A first step toward that end could come next month in a pair of meetings between CSAG and Grubman. He has been to St. Louis four or five times in the past year, to Oakland three to four times in the past year-plus. He will make his first visit to San Diego on April 14. Until then, he is reserving final judgment but appears predisposed to believe the team knows best.
“I don’t go there until I’ve gone there,” Grubman, who will speak with the task force via phone on April 7 and be in San Diego a week later, said in response to a question about his opinion on the team’s preference for a downtown stadium versus CSAG’s Mission Valley proposal. “I don’t think it’s right for me to take people’s comments out of context or take someone else’s point of view. I like to go meet with people and tell them what I think can be done and ask them what they think can get done and then come up with my own sense of what’s happening.
"The only advice I would give to the people in San Diego is that it’s important for a team to be enthusiastic about a project. If they’re not, maybe you still have something to work on … I think you’ve got to listen to a team that knows its market and knows it preferences.”

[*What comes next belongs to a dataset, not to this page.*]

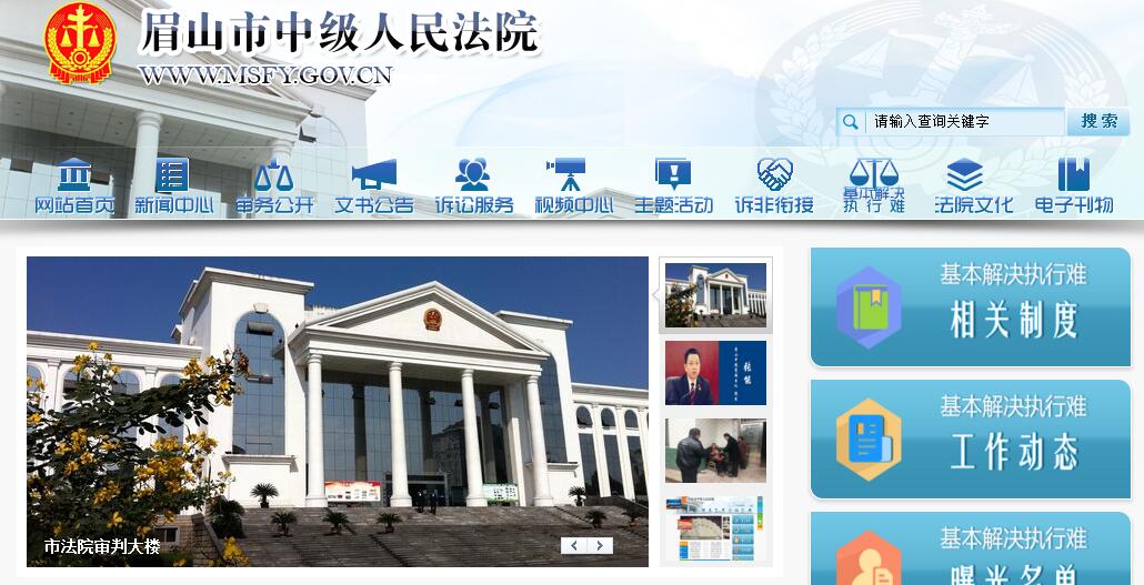眉山中院是1997年因行政区划调整而成立的年轻法院,下辖二区四县6个基层人民法院、18个人民法庭。下设1个事业单位法官培训中心,挂靠设立2个正县级单位司法调解中心、诉调对接中心。内设10个审判部门、11个综合部门。其中,诉调对接中心、司法公开办公室和诉讼辅导室为2012年后增编设立。眉山中院机关位于眉山市眉州大道东二段4号,审判综合楼于2004年6月建成投用,占地面积35亩,建有5个设施完善、功能齐全的审判法庭,配有6间调解室。眉山中院现有政法编制干警116人、员额法官40名,年均办理案件约4000余件。2012年以来,眉山中院在省法院的有力指导和市委的坚强领导下,紧紧围绕争创“两个一流”的战略目标和市委“主动作为创一流”的工作要求,按照“三台互动,奉法善治”的工作思路,公正为民、求实奋进,在审判执行、队伍建设和法院改革各项工作中不断攻坚克难、创新突破,被最高法院确定为全国“诉非衔接”改革试点法院,被命名为“全国司法公开示范法院”,被省法院确定为争创“两个一流”示范法院、文化建设示范法院。全市法院工作受到省市领导肯定批示逾百次,9名干警被评为全国法院先进个人,1名干警被评为“全国审判业务专家”、“全省十大优秀中青年法学专家”,7名干警荣记“个人二等功”。“诉非衔接”改革试点工作成效在最高法院阶段评估、终期评估中位列全国第一,形成“党政主导各方推进、解纷网络全面覆盖、司法推动科技助力、辅分调审有序化解”的多元化纠纷解决机制改革“眉山经验”,被中央改革办选编为十八大以来改革成功30大案例之一,先后在全省社会治理眉山现场会、全国多元化纠纷解决机制改革“眉山会议”上向全省、全国推广,最高法院周强院长2014年、2015年连续两年亲临视察指导,最高法院院长周强、省委书记王东明、时任省委政法委书记刘玉顺、省法院院长王海萍和市委书记李静分别多次批示肯定,被最高法院表彰为“多元化纠纷解决机制示范法院”。东坡法院获得“全国优秀法院”称号,彭山法院获得“全国文明单位”称号,东坡、丹棱法院通过“全国无执行积案先进法院”验收,仁寿法院刑事庭、龙正法庭,洪雅法院余坪法庭等被评为全国法院先进集体。

Grubman expects there to be a completed L.A. market analysis in the next couple weeks and an analysis of the three home markets in question be done before the owners next gather at the end of May. Those meetings are the week after CSAG is expected to have presented its financing proposal.
Grubman said the current “sense of the owners (is) to finance one stadium and have it be two-team capable” in Los Angeles. There was also the contention by some this week that, at least for the foreseeable future, the league will not stuff three teams into Southern California, which would indicate the Chargers will either be in L..A. or that just one other team will move there.
What we do seem safe in being confident of is that there is a relocation coming.
“Since we left L.A., we never had a meeting like this,” Jones said. “The league needs to be in Los Angeles … This is a major event.”